Dr Tony Ryan, a co-founder of Europe's most famous low-cost airline Ryanair, has died at the age of 71.
The multi-millionaire had been ill for some time.
Dr Ryan was born in Thurles, Co Tipperary in February 1936 and was the son of a train driver.
He got a job with Aer Lingus in Shannon after attending a Christian Brothers school. Quickly rising through the ranks, he led a division which leased its unused aircraft other to other carriers.
He convinced Aer Lingus to expand and, along with an investment from the London based firm Guinness Peat Group, set up Guinness Peat Aviation (GPA) in Shannon.
Tony Ryan was considered a tough task master with big ambitions and became one of Ireland's most wealthy entrepreneurs.
Among his investments was a stake in The Sunday Tribune.
In 1985 he set up Ryanair with colleague Christy Ryan and began flying from Waterford to Gatwick. By 1988 the airline was losing cash and teetering on the edge of bankruptcy.
Then, two things happened. Ryanair clinched a deal to fly from Dublin to London Stansted - and Michael O'Leary became the airline's chief executive.

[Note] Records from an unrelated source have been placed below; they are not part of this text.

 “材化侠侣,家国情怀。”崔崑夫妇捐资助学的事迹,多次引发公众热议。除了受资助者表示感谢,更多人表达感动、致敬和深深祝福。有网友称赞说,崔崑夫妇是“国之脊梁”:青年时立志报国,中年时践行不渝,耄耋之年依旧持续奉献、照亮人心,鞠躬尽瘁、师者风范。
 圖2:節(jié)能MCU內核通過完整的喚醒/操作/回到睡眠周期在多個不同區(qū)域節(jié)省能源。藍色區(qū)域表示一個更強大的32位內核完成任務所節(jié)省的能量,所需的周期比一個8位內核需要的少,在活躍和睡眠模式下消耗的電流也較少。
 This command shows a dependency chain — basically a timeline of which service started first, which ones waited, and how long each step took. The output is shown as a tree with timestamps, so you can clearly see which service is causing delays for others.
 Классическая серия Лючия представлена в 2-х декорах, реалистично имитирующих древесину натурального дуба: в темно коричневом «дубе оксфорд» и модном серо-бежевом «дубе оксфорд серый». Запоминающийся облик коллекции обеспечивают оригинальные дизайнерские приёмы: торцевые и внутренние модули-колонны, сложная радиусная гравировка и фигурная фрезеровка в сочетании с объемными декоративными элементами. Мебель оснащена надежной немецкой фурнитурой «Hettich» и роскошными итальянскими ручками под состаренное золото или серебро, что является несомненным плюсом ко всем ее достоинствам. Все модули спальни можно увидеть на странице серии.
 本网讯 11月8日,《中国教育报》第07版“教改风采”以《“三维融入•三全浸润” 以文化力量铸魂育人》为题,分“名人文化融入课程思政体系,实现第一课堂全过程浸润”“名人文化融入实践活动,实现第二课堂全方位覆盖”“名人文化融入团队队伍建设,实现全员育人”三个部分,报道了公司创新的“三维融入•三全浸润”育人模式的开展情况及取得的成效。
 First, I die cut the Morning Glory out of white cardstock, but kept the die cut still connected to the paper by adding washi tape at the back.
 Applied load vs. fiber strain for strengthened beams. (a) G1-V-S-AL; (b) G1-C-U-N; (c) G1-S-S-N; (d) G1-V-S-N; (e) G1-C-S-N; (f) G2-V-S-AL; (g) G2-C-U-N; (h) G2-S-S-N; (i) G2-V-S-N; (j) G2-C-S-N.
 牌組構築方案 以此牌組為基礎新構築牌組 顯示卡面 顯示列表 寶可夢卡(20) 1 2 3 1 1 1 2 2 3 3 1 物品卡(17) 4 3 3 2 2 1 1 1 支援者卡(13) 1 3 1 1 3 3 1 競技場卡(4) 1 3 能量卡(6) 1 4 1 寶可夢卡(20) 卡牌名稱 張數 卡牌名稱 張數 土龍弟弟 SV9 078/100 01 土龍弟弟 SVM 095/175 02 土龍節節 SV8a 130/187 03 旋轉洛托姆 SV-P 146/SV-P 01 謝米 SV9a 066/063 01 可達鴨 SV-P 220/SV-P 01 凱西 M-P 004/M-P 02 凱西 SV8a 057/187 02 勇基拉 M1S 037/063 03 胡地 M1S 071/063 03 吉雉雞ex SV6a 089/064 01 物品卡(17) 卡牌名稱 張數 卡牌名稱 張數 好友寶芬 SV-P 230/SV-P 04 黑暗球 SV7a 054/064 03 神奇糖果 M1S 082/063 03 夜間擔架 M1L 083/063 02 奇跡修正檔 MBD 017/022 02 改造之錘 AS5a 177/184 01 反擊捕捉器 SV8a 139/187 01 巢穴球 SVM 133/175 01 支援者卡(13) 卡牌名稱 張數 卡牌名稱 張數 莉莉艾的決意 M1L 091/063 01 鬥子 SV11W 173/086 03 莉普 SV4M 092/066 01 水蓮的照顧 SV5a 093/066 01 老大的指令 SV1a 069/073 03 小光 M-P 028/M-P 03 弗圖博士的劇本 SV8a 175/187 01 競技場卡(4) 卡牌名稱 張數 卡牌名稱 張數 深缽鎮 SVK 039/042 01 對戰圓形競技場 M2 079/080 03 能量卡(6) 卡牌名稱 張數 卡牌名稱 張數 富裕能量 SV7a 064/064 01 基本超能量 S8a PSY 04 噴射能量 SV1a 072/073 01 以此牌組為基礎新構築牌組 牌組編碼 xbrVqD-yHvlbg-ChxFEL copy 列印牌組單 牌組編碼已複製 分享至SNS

By the early 1990s, GPA was worth €4bn.
Tony Ryan assembled big name directors including UK politician Nigel Lawson, Garrett Fitzgerald, Peter Southerland and British businessman John Harvey Jones.
The plan was a showstopper stock market flotation to raise €10bn, but when investors got nervy at the last moment, the float was abandoned and GPA, which owed the banks huge sums, went into free fall.
Things got worse when General Electric bought in leaving Tony Ryan with little control.
However, there was one shining success. Ryanair was expanding fast making Tony Ryan huge sums and the formula of cheeky, cheap and efficient left Tony Ryan an enduring legacy.